“Claire Chase: Vision, Journey and Crystallization”
by Marc Medwin
The phone rings. “I’m calling on behalf of Claire Chase,” announces the soft, almost laconic voice. “Claire is running a little late, but she’ll call you in a moment.” The call comes from Forrest Wu, Chase’s personal assistant, who has his work cut out for him, especially since the flutist, concert producer, and entrepreneur received a 2012 MacArthur grant. The phone rings again. “Sorry about that, a million things going on; you know how it is. I’m ready now.” The voice is strident, confident and, above all, positive. As we speak, it becomes clear that Chase’s optimism, her boundless enthusiasm in the face of all obstacles, is the dreamer’s prerogative—the domain of all those who step outside of whatever box or frame has been constructed for them and do what they are told is impossible. On the day of our initial phone conversation, Chase is on the way to a rehearsal, or rather several rehearsals, one of which is already in progress as she walks around Sunset Park, Brooklyn. “It’s one of those crazy ICE weeks,” she explains.
ICE, the International Contemporary Ensemble, is the modular organization Chase formed after graduating from Oberlin College in 2001, which Wu calls “a collective of minds wherein artistic and organizational decisions work symbiotically.” It has been a long road to the fruition of that idea, which began to crystallize only a few hours after graduation, when Chase, aboard a Greyhound bus heading toward Chicago, contemplated her future in the world of contemporary classical music. “My situation was rather bleak,” she muses. “There were no jobs. I was entering what at the time could hardly be considered a field. It’s even less of one now in terms of traditional job prospects for a young, classically trained musician with loads of student loan debt, playing an instrument [she doesn’t] quite own.” On that bus, after several years of dreaming as well as learning about commissions and ensemble formation, Chase came to a decision that would bring her employment and afford her public recognition. It would also lead to her MacArthur grant—a culmination of more than 10 years of grueling work, innovative planning, and dedication. “We had no time to qualify the situation,” Chase says of those initial days of formation and strategizing. “I thought, ‘This is what we have to work with. Let’s create opportunities for one another, let’s do things our own way, and let’s make new music incredibly cool.’”
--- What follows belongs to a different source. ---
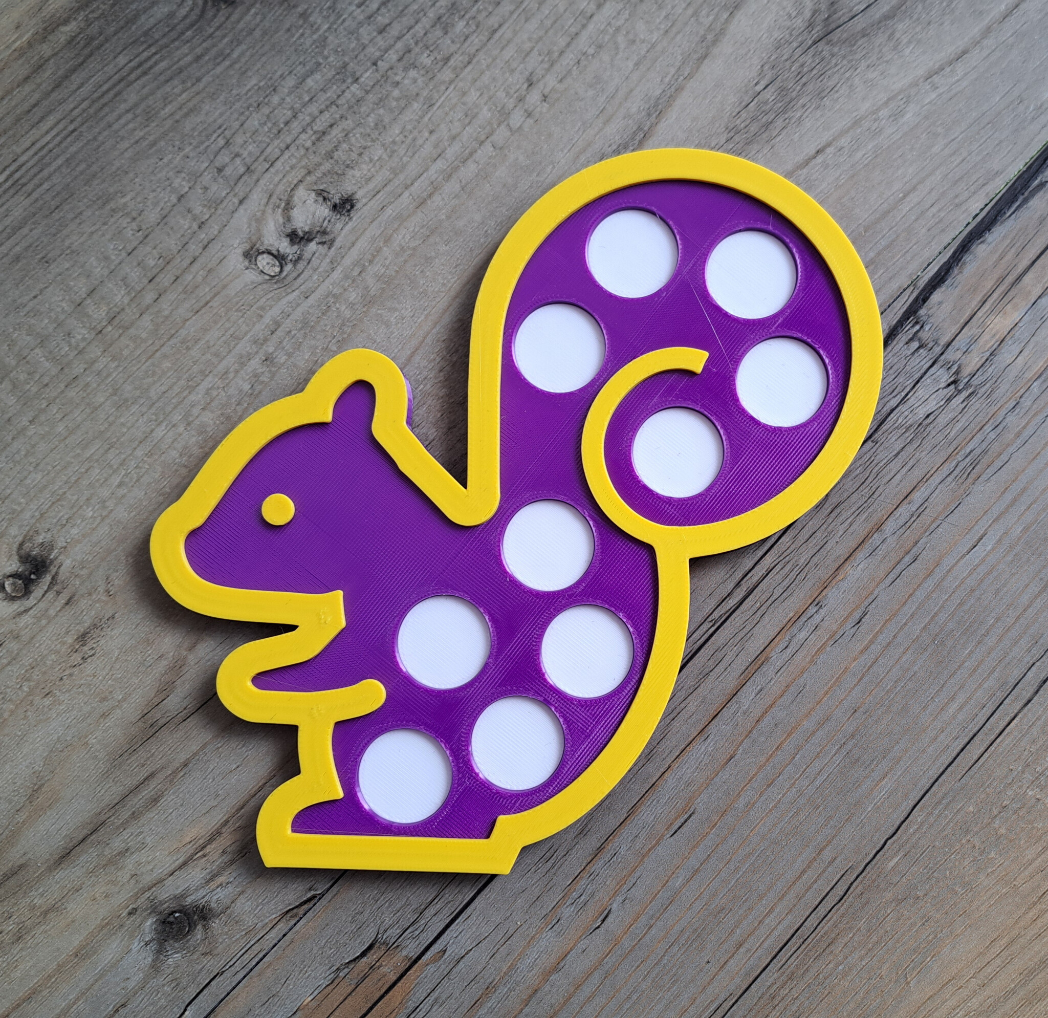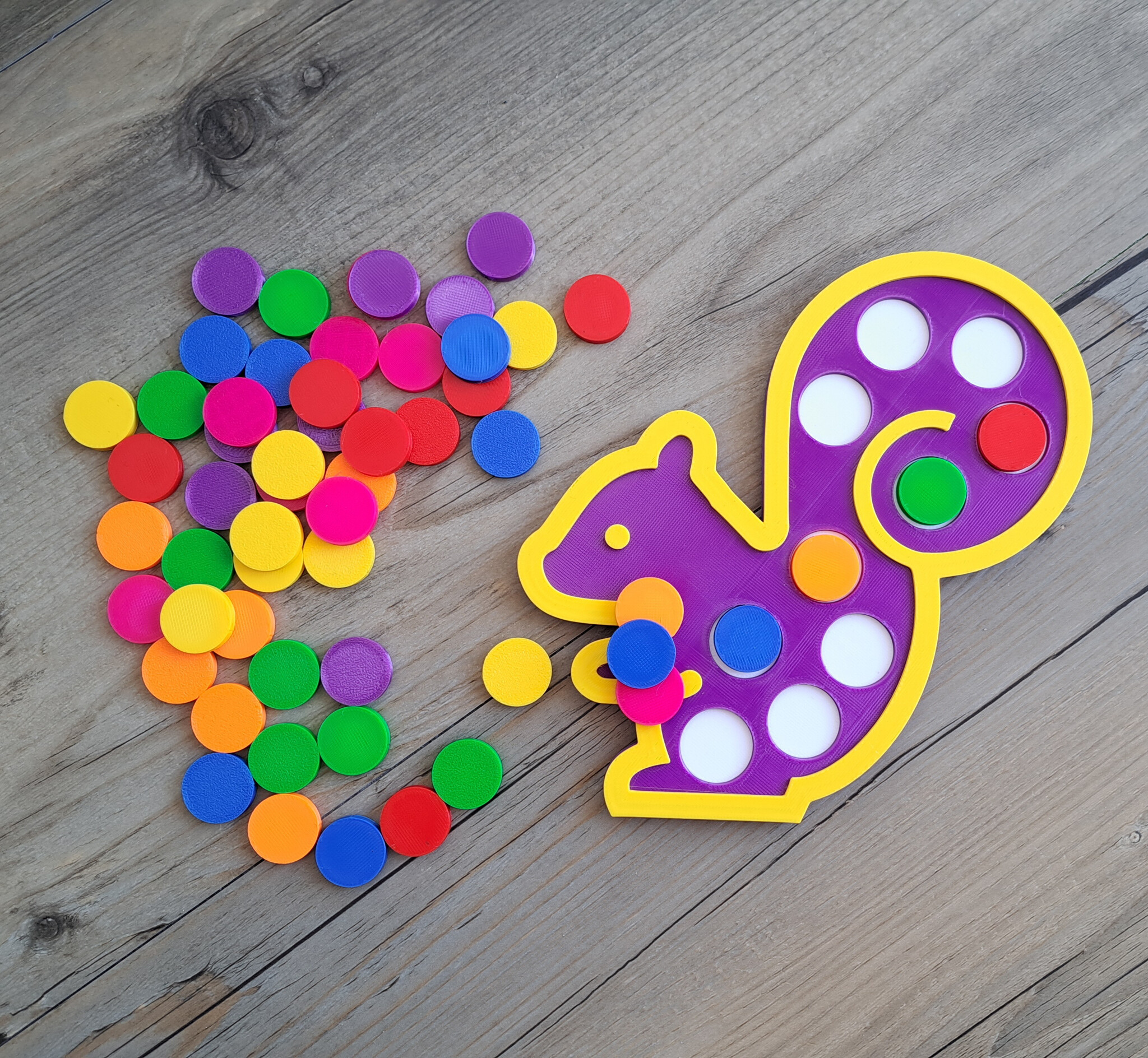 Cute squirrel with tokens (8 per color, 7 colors). Place the colored chips in the squirrel according to the example cards. Learn the colors, good for motor skills and of course just enjoy the game. Cool figure to use at school or at home.

One of the chief objects of Claire’s boundless optimism and energy is the dissemination of “new” music, to which our conversation turns. “I was blown away, there’s really no other way to describe it!” The enthusiasm in Chase’s voice is stronger than the chill February wind that threatens to catch and hurl away every word as she describes her first experience with contemporary music—specifically, Edgard Varèse’s groundbreaking Density 21.5, composed in 1936 for solo flute—a revelatory moment that would become integral to her life and vision as a flutist and an entrepreneur. Varèse’s music emerges almost imperceptibly, rising in slowly expanding gusts, arches, and blustery crescendos before dying back down, only to burst forth again with renewed vigor: now icy breeze, now howling gale—a force of nature in all its Protean unpredictability. The music flies in the face of conventional form, structure, and chronological time, redefining the flute’s role in the process.
“I’d never heard anything like it.” Chase pauses for breath and the murmur of cars, trucks, and scattered pedestrians is just audible over the phone. “You know, at the time, when I was 12 or 13, I was obsessed with the canon. After hearing Density, I didn’t really want to play the other stuff anymore. It got to the point that when I was asked to perform at my junior high school graduation…now imagine a California public junior high school. Not really so interested in music, right?” She laughs breezily. “I thought, of course! I want to play Density! I imagined myself in the middle of the football field, amplified, playing it for thousands of people…” Her voice rises, higher than the concert of winter elements pervading the slushy city street. “You know what? I’m going to do it,” she says. “This summer, in the Jay Pritzker Pavilion in Chicago. I’m doing a July 4 concert there, and I think it’s going to be a wonderful experience.”